March 7, 2014 - Antarctic Blog

By Meg Absolon

I’ve been very fortunate since arriving on the Ice to be working in the on-site conservation laboratory at Hut Point, which is situated directly behind Scott’s Discovery Hut (1901-04). Stefanie and I have been conserving food boxes from an internal wall made from stacked supply boxes.
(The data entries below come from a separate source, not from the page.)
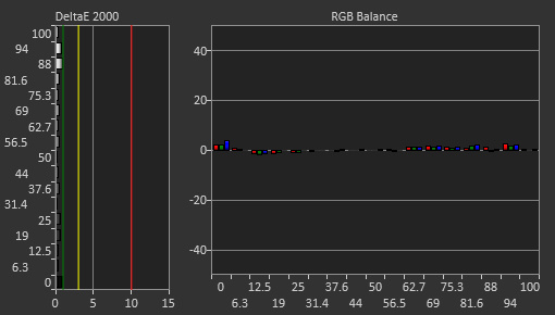 Unfortunately, this monitor has disappointing accuracy out of the box. The white balance is okay overall, but bright scenes are a bit off, and colors are bad, with noticeable inaccuracies in every color. The color temperature is a bit warm, and gamma is all over the place. Dark scenes are crushed a bit, and bright scenes are too bright.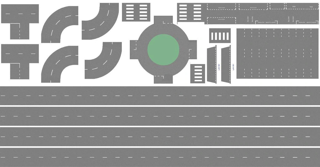 This pack contains: 4 x 1.5 meter lengths of road with centre marking, 1 x roundabout, 4 x 90 degree corners, 1 x car park, 3 x bus stops, 2 x laybyes, 1 x parking space, 2 x T-Junctions, 6 x pedestrian crossings, 4 x slow markings, 1 x taxi rank, 2 x keep clear school markings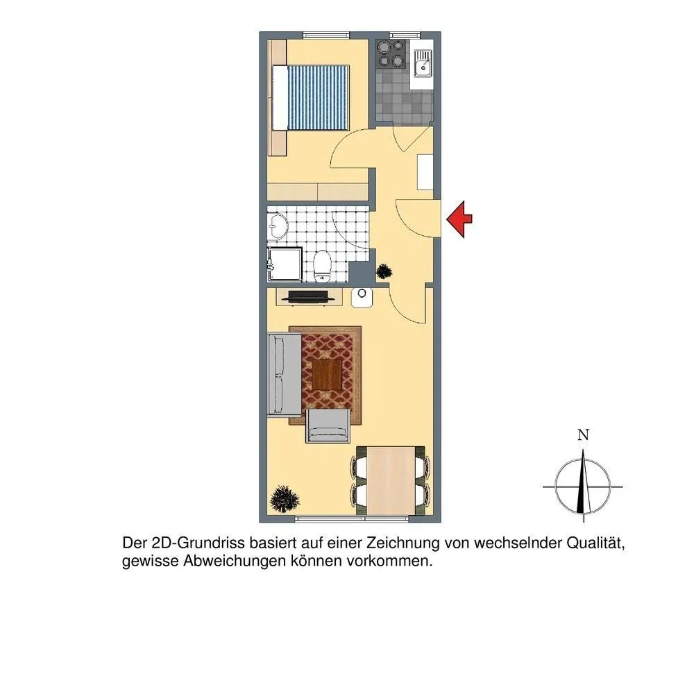Diese möblierte 2-Zimmer-Wohnung befindet in einem 5-Familien-Reihenmittelhaus.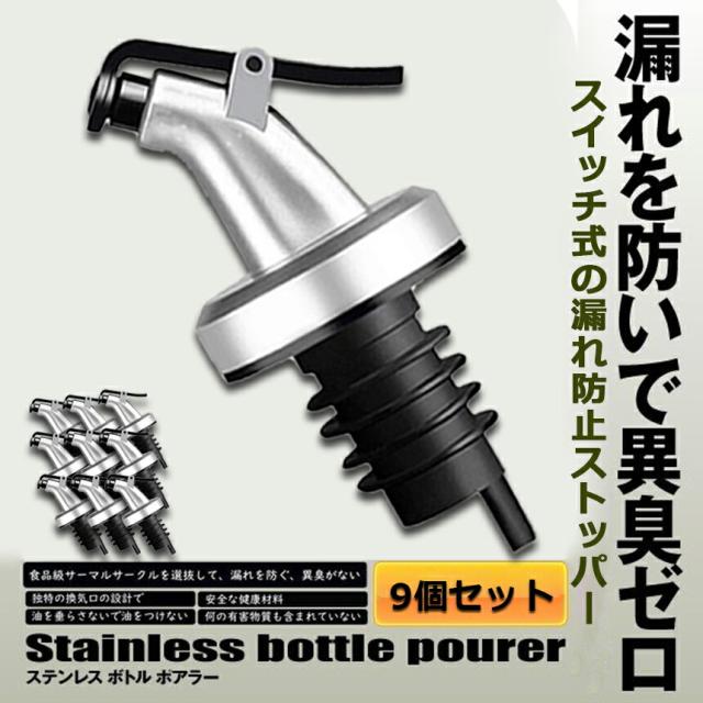 ステンレス ボトル ポアラー フタ付き 9個セット オリーブオイル ワイン カクテル ボトルの注ぎ口 オイル瓶 酒 調味 リキュール 瓶 器具 注ぎ口 定量 適量 送料無料

This wall was built during Shackleton’s British Antarctic Expedition (1907-09) when they used Discovery Hut as a staging point for depot laying. The Hut is described by various expeditioners as a dark and cold place to spend time and Shackleton’s men wished to enclose a cosy space around the stove to make the quarters more habitable. The supply boxes used were predominately Special Cabin Biscuits and Special Dog Biscuits made by Spratts Patent Limited of London, who also supplied the army and navy.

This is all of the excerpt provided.